Exact copy without images: repeat every entry as written.

+ + + +

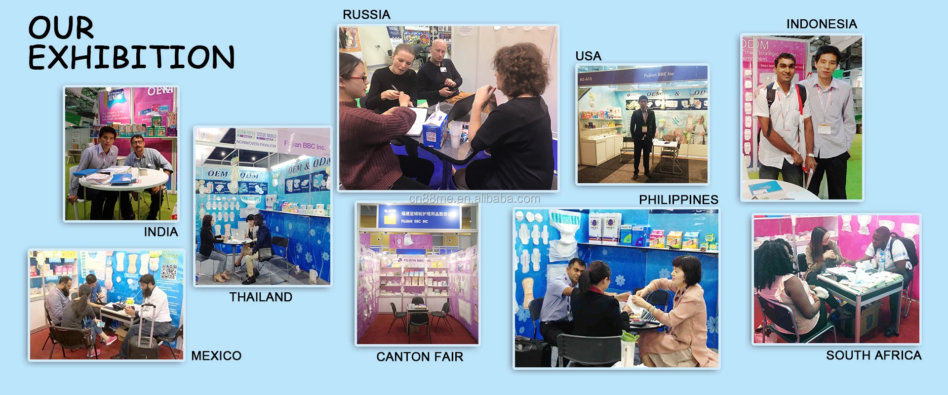 FUJIAN BBC INC. specialized in manufacturing and exporting baby diapers & pants, adult diapers, sanitary napkins, panty liner, under pads and breast pads, hygiene products raw material,machine since 2003.
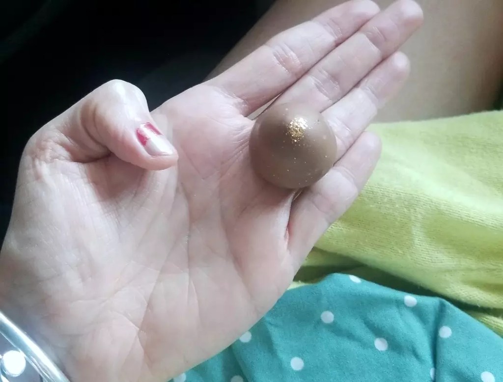 Chicken dumplings in cinnamon oil.
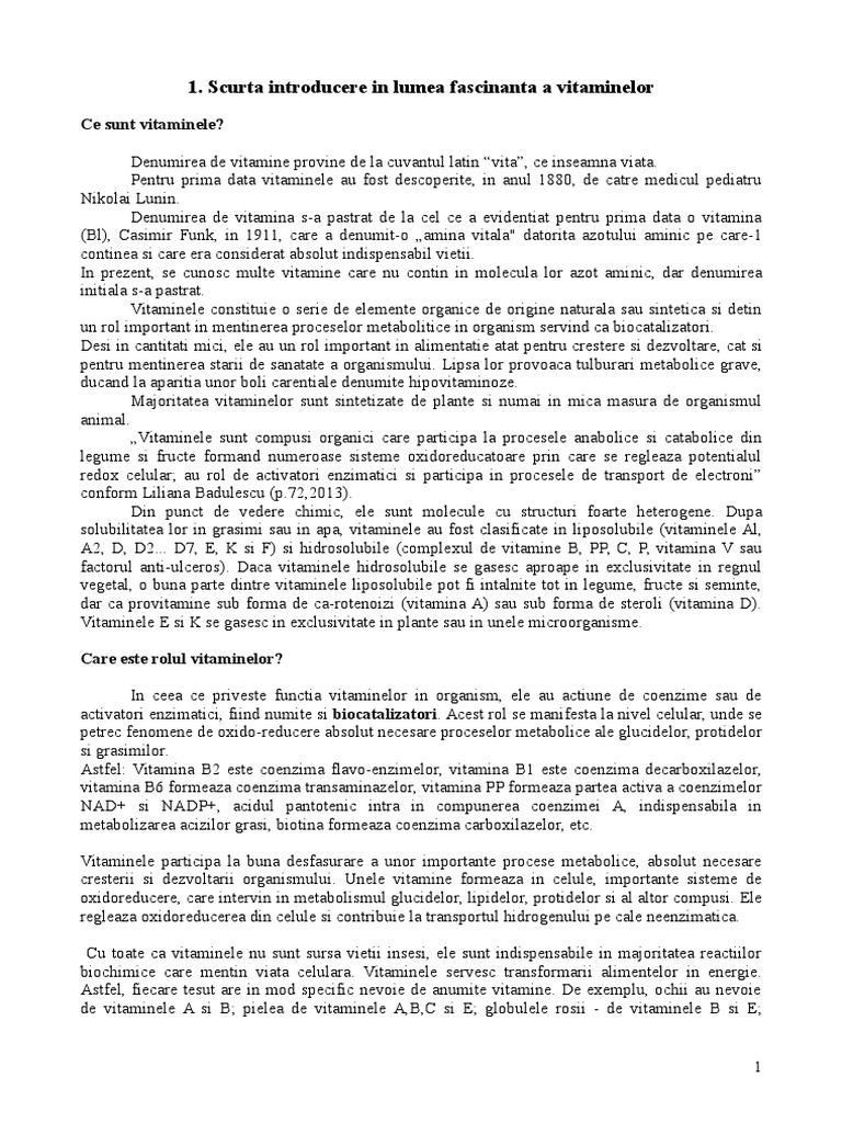 Vitaminele Si Rolul Lor
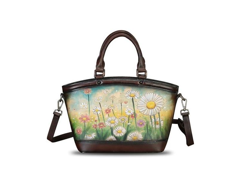 Bolsa feminina de couro genuíno pintada à mão bolsa de ombro feita à mão bolsa transversal de trabalho bolsa casual, Padrão 1, Medium
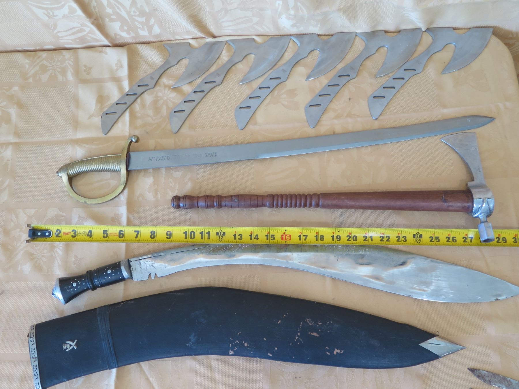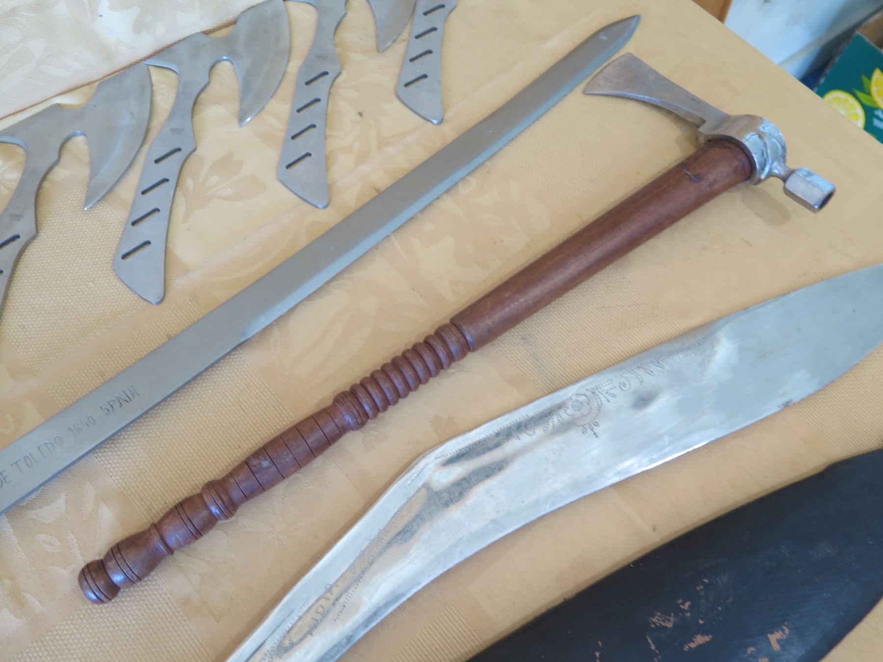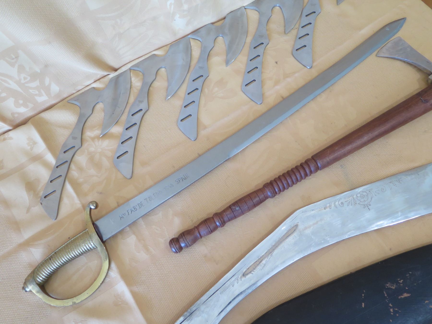 Kukri Machete w/ Curved Blades & Sheath, Sword Marked 1840 Spain, Tomahawks, etc
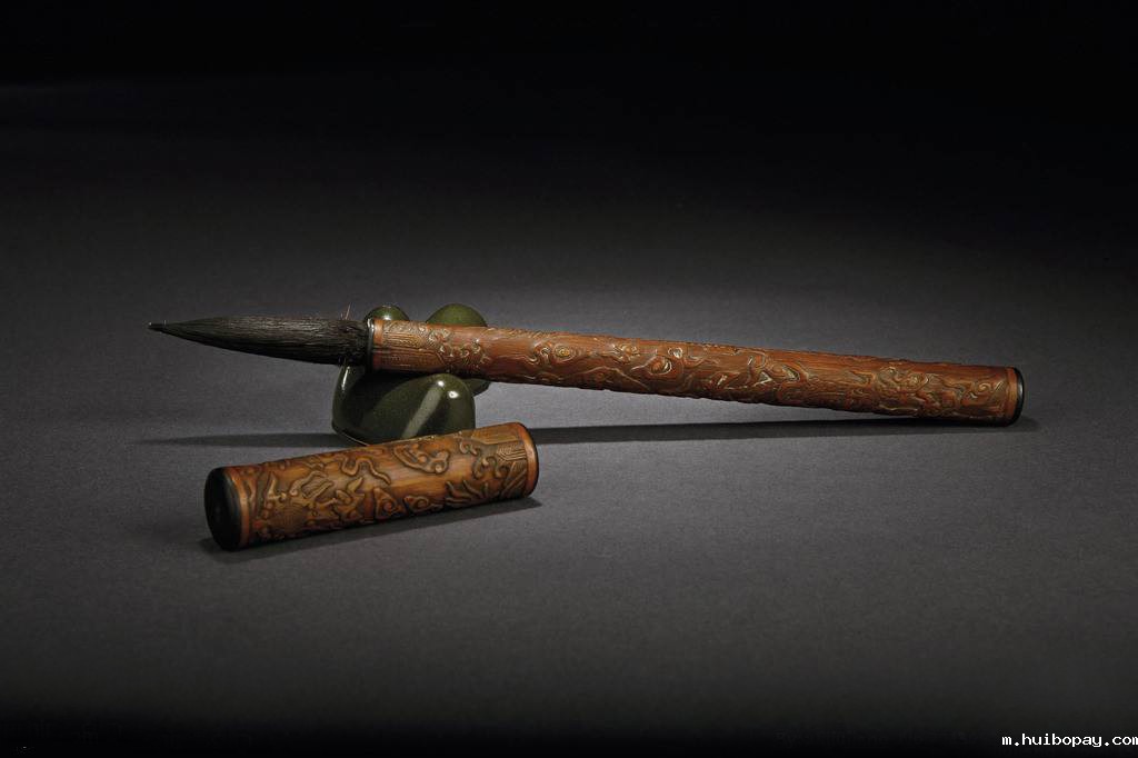 此外,用动物毛制做成的笔,还有鹿毫、麝毫、虎毫、以及鸭毛、鹅毛等,这些笔由于选料极精,造价较贵。其中有些笔管系用象牙、青玉、犀角、紫檀、琉璃等珍贵材料制成、配以非常考究的装璜和精美的字画雕绘,这些稀有之属,已不切合实用,而只能作为工艺品以供陈列欣赏了。
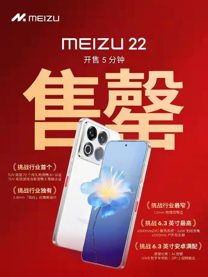当天发布完后就上市开卖,官方表示:魅族22上市首战告捷,开售 5 分钟,陆续售罄中。短短5分钟就卖完了,看似不错,但具体销量又没说,也不知道实际卖出去了多少,但预计应该是不多的。
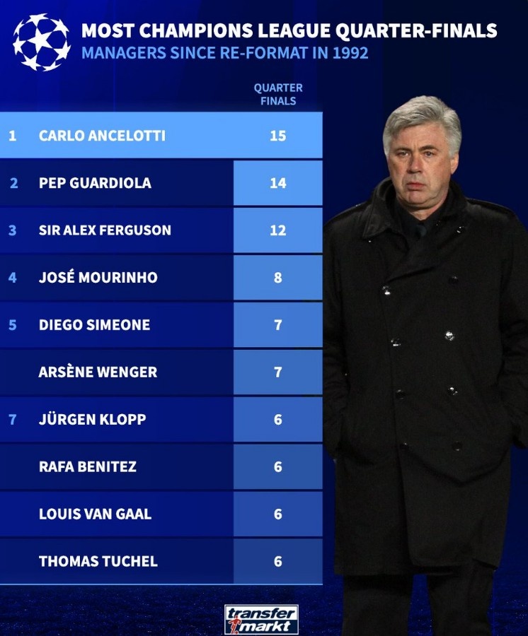2025-03-13 17:32:23歐冠改制后主帥晉級8強次數榜:安切洛蒂15次居首,瓜帥次席
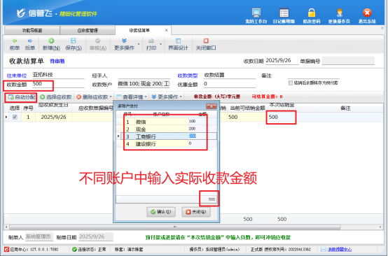 在企業(yè)的實(shí)際業(yè)務(wù)中,常常會(huì)遇到一筆應(yīng)收款需要使用多個(gè)資金賬戶(hù)進(jìn)行結(jié)算的情況。傳統(tǒng)的結(jié)算方式繁瑣且易出錯(cuò),而信管飛軟件則完美解決了這一難題。以“信管飛出納記賬軟件”為例,詳細(xì)介紹如何進(jìn)行多賬戶(hù)結(jié)算?
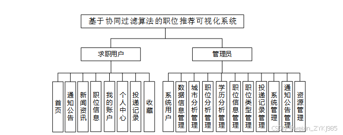 基于协同过滤算法的职位推荐可视化系统的设计与实现的主要使用者分为管理员和求职用户,实现功能包括管理员:系统用户、数据信息管理、城市分析管理、职位分析管理、学历分析管理、职位信息管理、职位类型管理、投递记录管理、系统管理、通知公告管理、资源管理模块,求职用户:首页、通知公告、新闻资讯、职位信息、我的账户、个人中心等功能。由于本网站的功能模块设计比较全面,所以使得整个职位推荐可视化系统信息管理的过程得以实现。
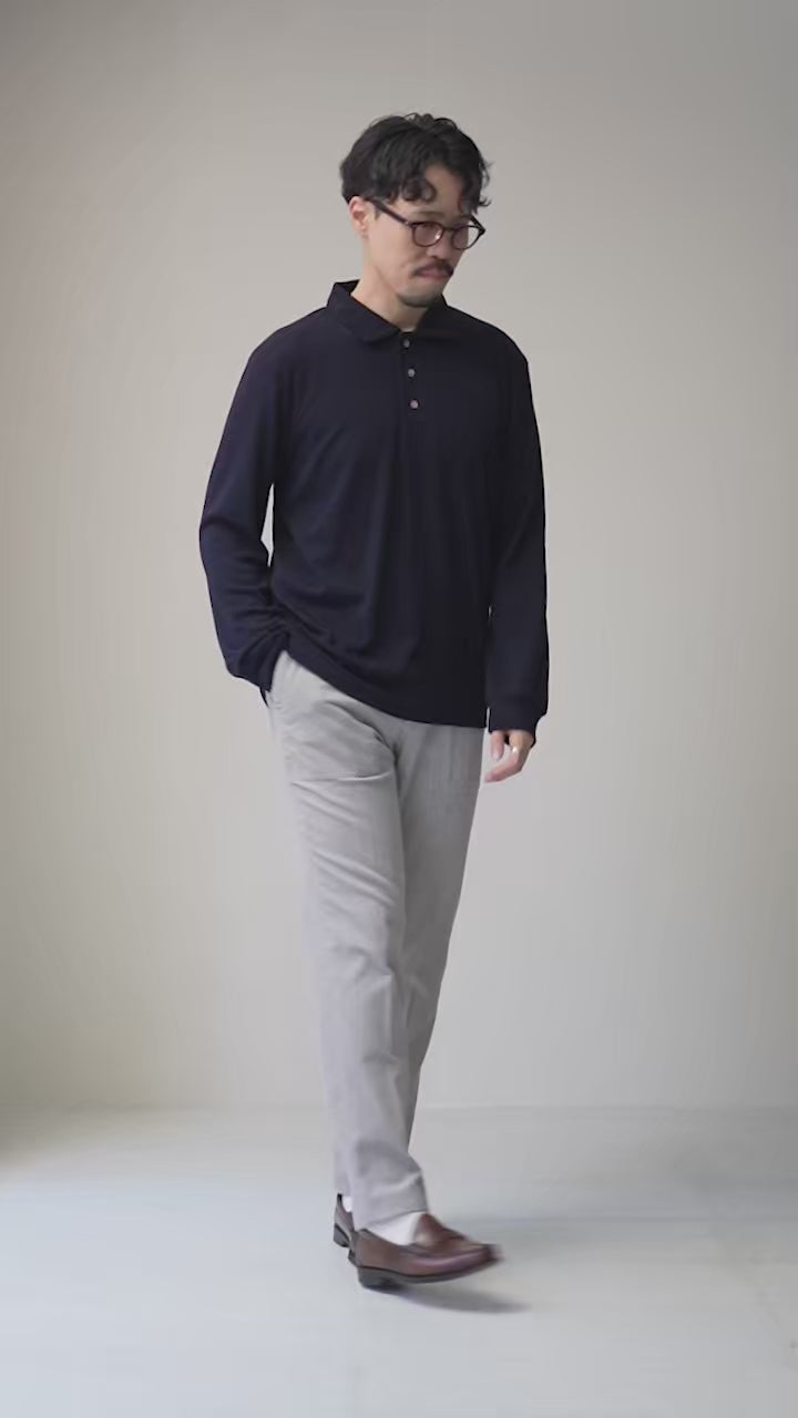 As an inner layer under a jacket, this dress-wool knit polo elevates your autumn and winter outfits with quiet sophistication.

+ + + +

WRITTEN RESPONSE —
 FUJIAN BBC INC. specialized in manufacturing and exporting baby diapers & pants, adult diapers, sanitary napkins, panty liner, under pads and breast pads, hygiene products raw material,machine since 2003.
 Chicken dumplings in cinnamon oil.
 Vitaminele Si Rolul Lor
 Bolsa feminina de couro genuíno pintada à mão bolsa de ombro feita à mão bolsa transversal de trabalho bolsa casual, Padrão 1, Medium
 Kukri Machete w/ Curved Blades & Sheath, Sword Marked 1840 Spain, Tomahawks, etc
 此外,用动物毛制做成的笔,还有鹿毫、麝毫、虎毫、以及鸭毛、鹅毛等,这些笔由于选料极精,造价较贵。其中有些笔管系用象牙、青玉、犀角、紫檀、琉璃等珍贵材料制成、配以非常考究的装璜和精美的字画雕绘,这些稀有之属,已不切合实用,而只能作为工艺品以供陈列欣赏了。
当天发布完后就上市开卖,官方表示:魅族22上市首战告捷,开售 5 分钟,陆续售罄中。短短5分钟就卖完了,看似不错,但具体销量又没说,也不知道实际卖出去了多少,但预计应该是不多的。
2025-03-13 17:32:23歐冠改制后主帥晉級8強次數榜:安切洛蒂15次居首,瓜帥次席
 在企業(yè)的實(shí)際業(yè)務(wù)中,常常會(huì)遇到一筆應(yīng)收款需要使用多個(gè)資金賬戶(hù)進(jìn)行結(jié)算的情況。傳統(tǒng)的結(jié)算方式繁瑣且易出錯(cuò),而信管飛軟件則完美解決了這一難題。以“信管飛出納記賬軟件”為例,詳細(xì)介紹如何進(jìn)行多賬戶(hù)結(jié)算?
 基于协同过滤算法的职位推荐可视化系统的设计与实现的主要使用者分为管理员和求职用户,实现功能包括管理员:系统用户、数据信息管理、城市分析管理、职位分析管理、学历分析管理、职位信息管理、职位类型管理、投递记录管理、系统管理、通知公告管理、资源管理模块,求职用户:首页、通知公告、新闻资讯、职位信息、我的账户、个人中心等功能。由于本网站的功能模块设计比较全面,所以使得整个职位推荐可视化系统信息管理的过程得以实现。
 As an inner layer under a jacket, this dress-wool knit polo elevates your autumn and winter outfits with quiet sophistication.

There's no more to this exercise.